THE TASK:
Given the entries below, would you transcribe exactly the lines starting at the one with "Màu đỏ tươi không" and ending at the one with "南丹市園部町千妻の朝倉神社は", both kept, pictures omitted, nothing extra?

MATERIAL SHOWN:
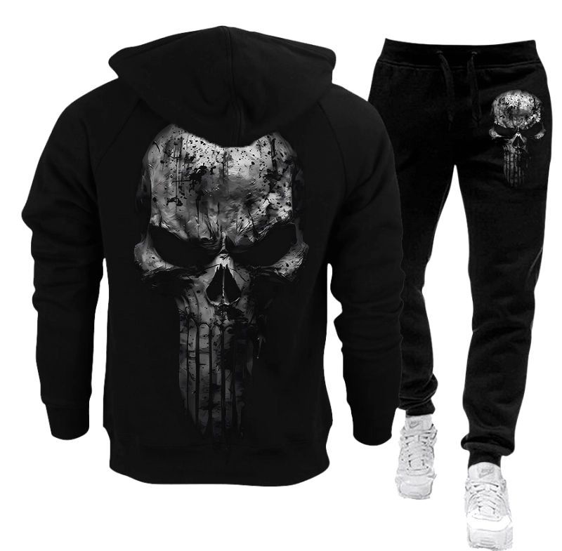 Poate exista o ușoară diferență de nuanță a culorii negre între trening și hanorac.
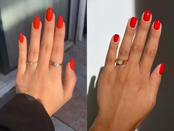 Màu đỏ tươi không kén dáng móng và tone da (Nguồn: reddit.com) Sơn màu đỏ tươi giúp da bạn sáng hơn (Nguồn: @MyMabelNail – Pinterest, @abcd.efghiklm) Kết hợp trang sức bạch kim lấp lánh giúp bộ nail trở nên nổi bật hơn (Nguồn: @djrobinson57, @MiShuhbeelarmee – Pinterest)Nail màu đỏ đất
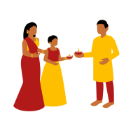 A festive Diwali illustration depicting a man offering a lit diya
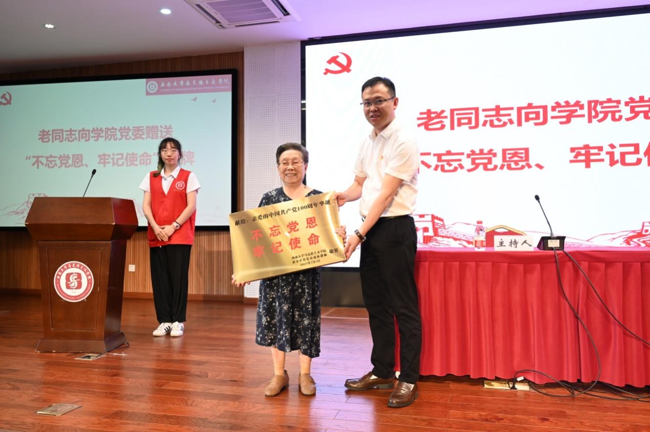 专题报告会之前,公司离退休老同志向公司赠送“不忘党恩,牢记使命”匾牌,公司向老同志赠送党史学习教育有关书籍。离退休老同志代表、93岁高龄的陶燕云老师讲话,深情回忆了公司的发展历史,希望马克思主义在公司发扬光大。廖晓衡在主持报告会时强调,公司改革发展成绩的取得,是全院师生员工奋力拼搏的结果,也是离退休老同志关心支持的结果。没有老同志辛勤努力打下的江山,就没有马院改革发展的今天。我们要永远牢记老同志的历史功绩、永远牢记老同志的优良传统、永远牢记老同志的敦敦教诲。
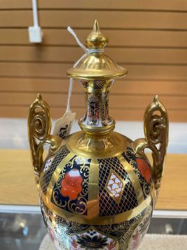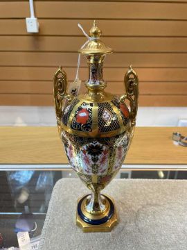 ROYAL CROWN DERBY '1128' PATTERN OVIFORM URN, with high scrolled twin foliate handles, on socle base, 41cms (h)Provenance: consigned from West WalesComments: excellent
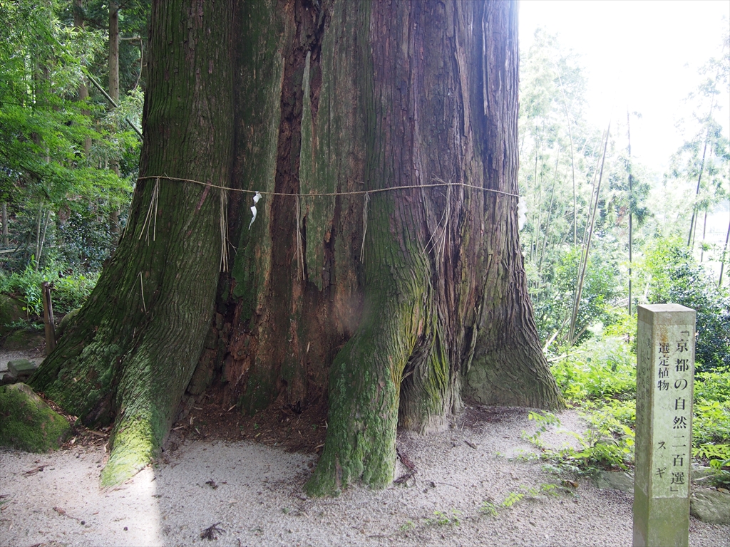 南丹市園部町千妻の朝倉神社は、京都縦貫自動車道の園部ICから東へすぐの場所にあります。道がややわかりにくいものの、距離的にはすぐ近くです。境内には、府の天然記念物で京都の自然200選にも選ばれた巨木な杉がそびえています。高さ約30m、樹齢は400年以上と推定されています。
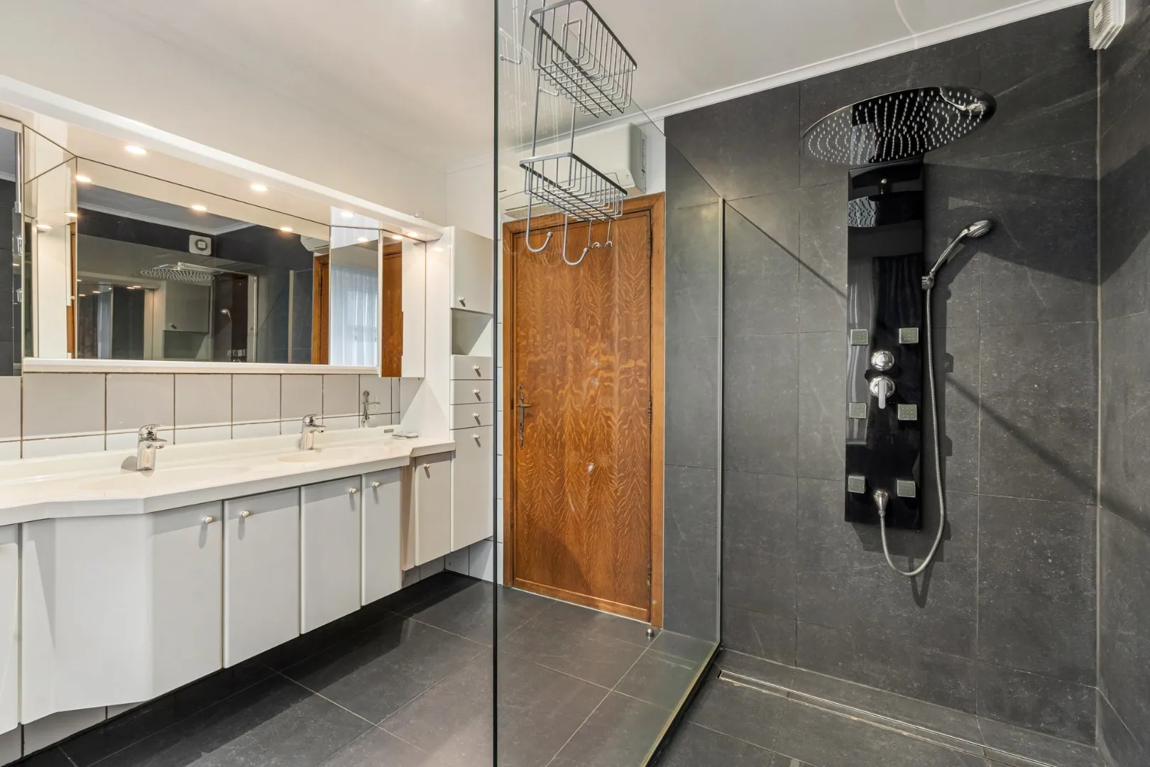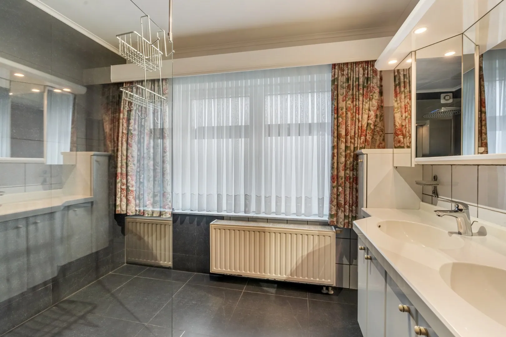 De recent vernieuwde badkamer voorziet een ruime inloopdouche met diverse sproeikoppen, een badmeubel met dubbele wastafel.
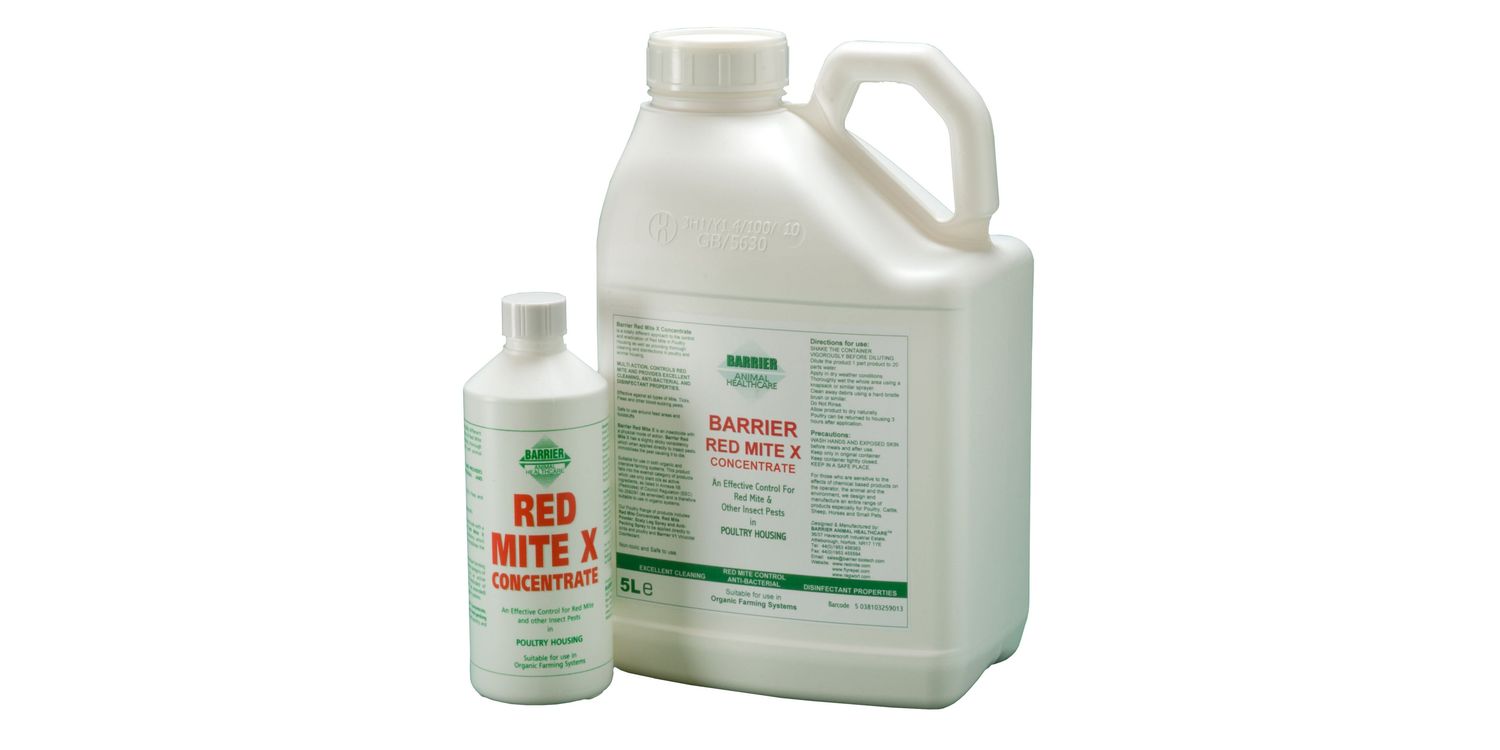 Barrier Red Mite X Concentrate is a powerful yet non-toxic solution designed to combat red mite infestations in poultry and animal housing. With a high dilution rate of 1:20, it offers cost-effective and long-lasting protection, making it ideal for regular maintenance in feed storage and nesting areas.
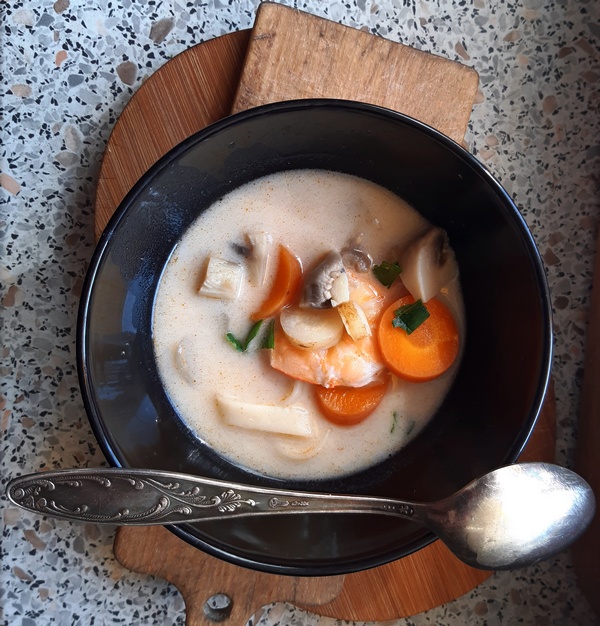 Zacznijmy od zupy. Kto lubi egzotyczne smaki, niech poszuka na półce z egzotycznymi smakami pasty do tajskiej zupy tom yum. Ostatnio wypatrzyłam ją w jednym z dyskontów. Trzeba ją ostrożnie dodawać, bo bywa bardzo ostra. Przynajmniej ta moja, z dawnych zapasów, taka jest. Przydaje zupy szczególnie pysznego smaku, lecz i ostrości wyrazistej, choć takiej, z jaką sobie radzą nawet podniebienia, które na co dzień jej nie znoszą (wypróbowane!). Tę zupę gotuję na bulionie z kostki. Nie wiem czemu, ale u nas nie sprzedaje się bulionu rybnego w żadnej postaci (kostki, pasta, saszetki). Warto przywieźć zapas z podróży lub poprosić kogoś wyjeżdżającego o taki prezent.

EXPECTED ANSWER:
 Màu đỏ tươi không kén dáng móng và tone da (Nguồn: reddit.com) Sơn màu đỏ tươi giúp da bạn sáng hơn (Nguồn: @MyMabelNail – Pinterest, @abcd.efghiklm) Kết hợp trang sức bạch kim lấp lánh giúp bộ nail trở nên nổi bật hơn (Nguồn: @djrobinson57, @MiShuhbeelarmee – Pinterest)Nail màu đỏ đất
 A festive Diwali illustration depicting a man offering a lit diya
 专题报告会之前,公司离退休老同志向公司赠送“不忘党恩,牢记使命”匾牌,公司向老同志赠送党史学习教育有关书籍。离退休老同志代表、93岁高龄的陶燕云老师讲话,深情回忆了公司的发展历史,希望马克思主义在公司发扬光大。廖晓衡在主持报告会时强调,公司改革发展成绩的取得,是全院师生员工奋力拼搏的结果,也是离退休老同志关心支持的结果。没有老同志辛勤努力打下的江山,就没有马院改革发展的今天。我们要永远牢记老同志的历史功绩、永远牢记老同志的优良传统、永远牢记老同志的敦敦教诲。
 ROYAL CROWN DERBY '1128' PATTERN OVIFORM URN, with high scrolled twin foliate handles, on socle base, 41cms (h)Provenance: consigned from West WalesComments: excellent
 南丹市園部町千妻の朝倉神社は、京都縦貫自動車道の園部ICから東へすぐの場所にあります。道がややわかりにくいものの、距離的にはすぐ近くです。境内には、府の天然記念物で京都の自然200選にも選ばれた巨木な杉がそびえています。高さ約30m、樹齢は400年以上と推定されています。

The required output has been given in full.